7 comments for “Snowbound in Tuscany

  1. Bedd Gelert
    04/01/2010 at 8:43 pm

    Baroness Murphy,

    Never mind dear, the extra flights to and from Tuscany will increase your carbon footprint gently and the resulting global warming will help to melt that snow in a jiffy…

    Mind you, having seen Wales in all its glory after 3 inches of snow, I do despair slightly at people complaining about the winter weather. Yes, it is a pain not being able to get about, and for older folk it can be downright dangerous. But surely we can take time in our busy lives to ‘stand and stare’ and enjoy the beauty of it ?? It does not last long before we are back to the drab weather of springtime.

    I mean, very few things are really THAT important that they won’t wait a few days, no matter how much we’d like to pretend otherwise.

    Blwyddyn Newydd Dda for 2010.

  2. Croft
    05/01/2010 at 1:48 pm

    I’ve not had so much as a snow flake all winter – frankly I’m feeling rather left out – the UK is seemingly plunged back into the dark ages by a few frosts – well if you believe the press/tv anyway!

  3. 05/01/2010 at 7:56 pm

    The irony of frozen wind turbines.

  4. Gar Hywel
    05/01/2010 at 8:34 pm

    Whilst my good friend Bedd employs terms of endearment for a very noble baroness (perhaps they are acquainted) perhaps I should enter the affray by reminding ..Murphy to WASSAIL her trees.

    My fruit trees were wassailed by myself and my gardener about three weeks ago, a little early I do admit,but I shall also give them a good pep talk in the next week or two to remind them of their responsibilities in the coming year. Singing and dancing to them is usually enough.

    Olives need something extra too.

    • Gar Hywel
      05/01/2010 at 10:13 pm

      Tuscab wassailers Wanted for Baroness Murphy’s olive trees!

      Gently shake some of that snow from each tree you talk to!

      This is a loving gesture!

      if you have got 500 trees you must go all the way round the perimeter, singing and dancing.

      There must be Italian Wassail songfs for the purpose (the trees may not understand English).

      Get to it Baroness or you may not have enough olives to decorticate and press in September!
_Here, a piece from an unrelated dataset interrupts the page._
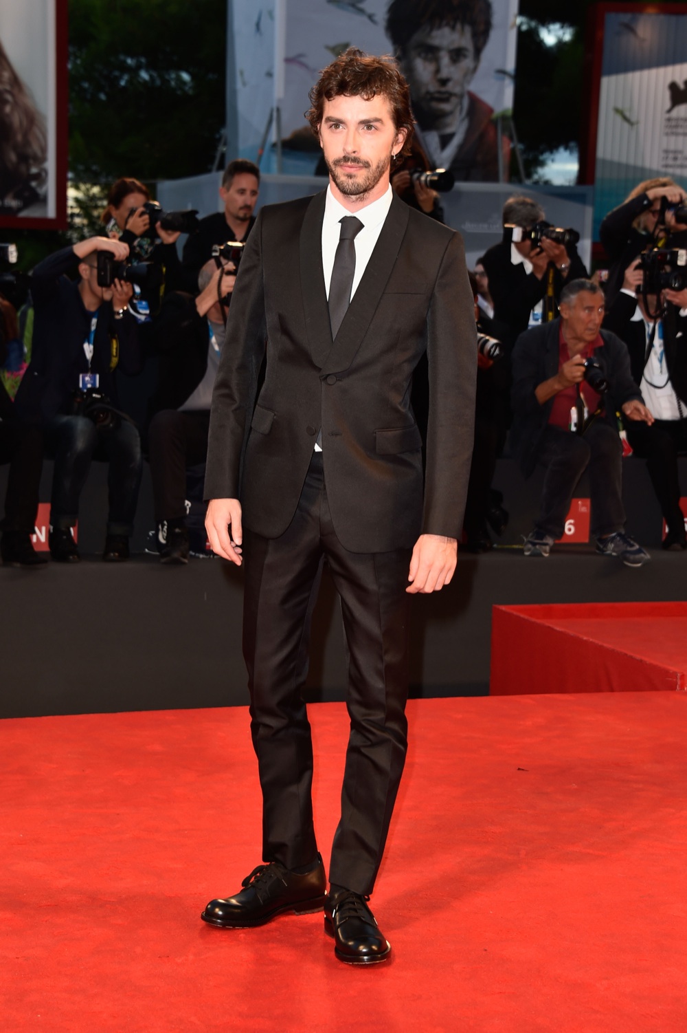 Il secondo, classe 1979, dopo aver interpretato Il giovane Montalbano sul piccolo schermo, affianca Elio Germano nel film di Martone Il giovane favoloso, che ha strappato applausi e consensi tra la giuria del Lido. Aria da marinaio scavezzacollo, à la Corto Maltese, l’attore pugliese ha optato per un tuxedo a due bottoni,dai volumi avvolgenti, abbinandolo ad accessori meno formali del suo collega americano, cravatta in seta e derby lucide, come visto anche sulla passerella di Corneliani. Un approccio easy-chic che prende una virata decisamente rock in occasioni come quella del photocall, dove ha sfoggiato con aria sicura biker e jeans delavè con stivaletti in nuance, tutto Emporio Armani.

      Here’s to the Baroness’ olives
      Hey Ho Hey Nonny Nonny Noh!
      No good to the Deech
      now eating SA peach
      Stick with the olive
      and Tuscan snow!
      Hey Nonny nonny noh!

      (sing while dancing round the trees!)

  5. baronessmurphy
    06/01/2010 at 3:08 pm

    Gar Hywel, I never realised i was supposed to wassail the trees but I’ve looked it up today and find this is the very day, Twelfth Night or Epifania here in Italy, that we should wassail the olives. This will surprise them but I guess if it works for cider apples in England it will be OK for olives. Thanks for this vital tip.

    • Gar Hywel
      07/01/2010 at 2:46 pm

      An Italian piano accordion would give them a huge boost for the growing season, but gentle hugs all round will do.

      It was interesting that you should have mentioned it at such a time when they need all the prayers/thought they can get, the trees that is!

      Happy days to you.

      I was looking at some olive groves in Portugal and the profitability, rather than the sheer pleasure, and quiet enjoyment of owning fruit trees, is not so very different between English apples/fruit and Mediteranean/S European olives.

      The labour involved in pitting the olive fruit/meat, then decorticating and pressing to extract oil, is similar but more difficult than the apple mashing and pressing.

      As always, it is the labour which provides the added value to the finished consumer product.

      With olives you’ve got the oil AND the bottled fruit or paste, whereas with the humble apple there is really only the juice or the alcohol cider!

      Decortication might take a long time to learn to do successfully.

      If I had olives, I would make a vast quantity of paste the first year, since that would keep very well indeed, for the whole winter.